Mitigating Privacy Risks With Consent Management Platforms
November 14, 2024
Mitigating Privacy Risks With Consent Management Platforms
Increasing privacy legislation imposes complex and sometimes conflicting compliance requirements on companies, especially those in ad tech. According to a Bloomberg Law article by Steven Roosa and Wenda Tang of Norton Rose Fulbright, consent management platforms (CMPs), essential for managing user opt-out (and opt-in) preferences, present specific challenges. CMPs are intended to ensure compliance but can fail, leading to inadvertent data sharing and heightened litigation and regulatory risks.
Some CMPs, particularly in the U.S., incorporate features aligned more with the EU’s ePrivacy Directive, categorizing cookies in ways not required by U.S. law. This can create unintended liabilities when these categories fail to work as expected, resulting in potential misrepresentation claims.
Roosa and Tang note that CMP failures are often rooted in the complex integration of third-party code on websites and apps, covering analytics, ads, payments, and more. CMPs operate in two modes: sending preference signals or restricting data transmission. However, ensuring CMPs function as intended is challenging in complex development environments, and failure can lead to unintended data sharing or missing opt-out signals.
Detecting these failures is difficult because they typically occur client-side—on users’ devices—outside a company’s direct oversight. This gap in visibility is a primary source of privacy litigation and regulatory risk. Complicating matters, companies may assume their CMP vendors are responsible for compliance, but vendors often disclaim this responsibility, leaving companies ultimately accountable.
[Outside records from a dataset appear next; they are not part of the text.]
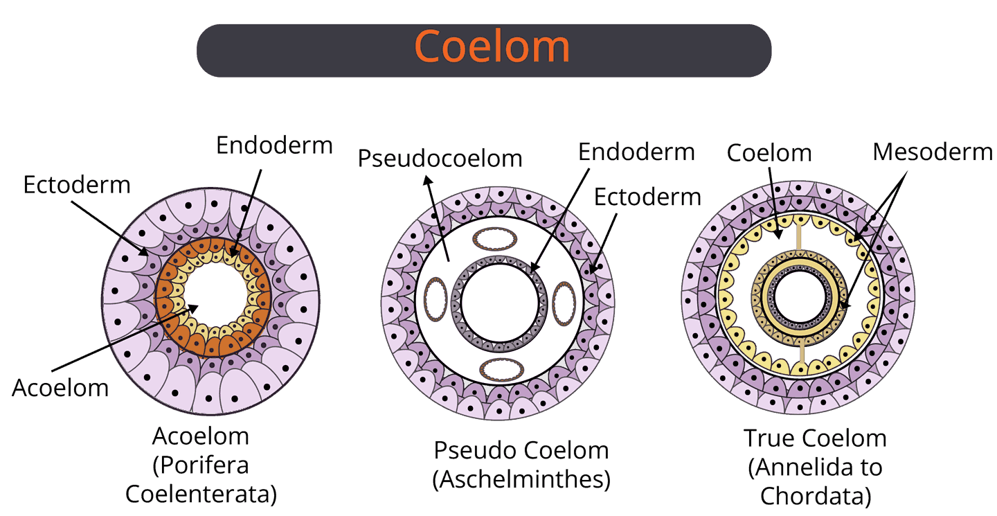 The animals which possess true coelom are called coelomates. The true coelom is a body cavity that arises as a cavity in the embryonic mesoderm. In this case, the mesoderm of the embryo provides a cellular lining called the peritoneum. For example; Annelida Arthropoda Mollusca Echinodermata Hemichordata Chordata.
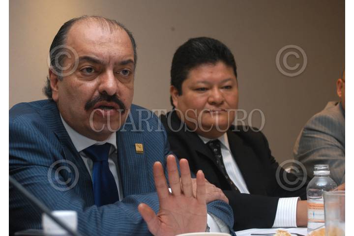 MÉXICO D.F. 20FEBRERO2007.- Tony Kuri Alam, presidente de la industria del vestido y Carlos Reyes Gámiz secretario general del PRD capitalino durante la conferencia donde se delaran en contra de la pirateria y a favor de la legalidad. FOTO: GUILLERMO PEREA/CUARTOSCURO.COM
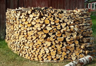 Som vanligt kom veden på sommaren. Jag älskar lukten av nysågad/nykluven ved. Ett hårt arbete som jag älskar! I år fick Jan för sig att stapla veden så här vackert.
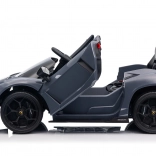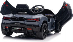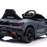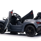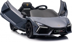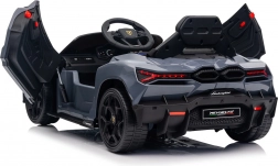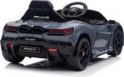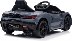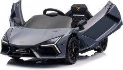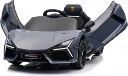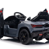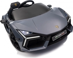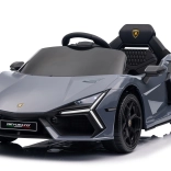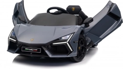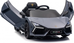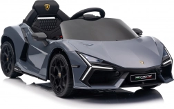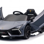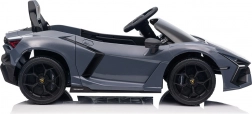 Štýlové detské elektrické autíčko LAMBORGHINI Revuelto v elegantnej sivej farbe prináša realistický zážitok z jazdy. Výkonný pohon 2×45 W, batéria 12 V 9 Ah, mäkké EVA kolesá, otváracie scissor dvere a komfortné sedadlo z ekokože s pásmi. Pre bezpečnosť rodičov je k dispozícii diaľkový ovládač 2,4 GHz s tlačidlom Stop. Nechýbajú LED svetlá a bohatá audio výbava s Bluetooth/MP3/FM/USB.
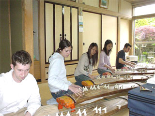 北海道教育大学函館校に留学中のカナダ・オーストラリア・中国からの学生10名が、5月18日・25日・6月1日の3回、日本文化実習の授業として我が家で筝の演奏を体験しました。

To mitigate these risks, the authors suggest that companies implement client-side network traffic analysis, which observes actual data transmissions from a user’s perspective. Regulators and plaintiffs’ experts frequently use this approach to capture whether consent management platforms send the correct signals or properly restrict transmissions. Network traffic analysis offers a proactive way to detect CMP malfunctions, helping companies manage and reduce privacy-related litigation and regulatory risks.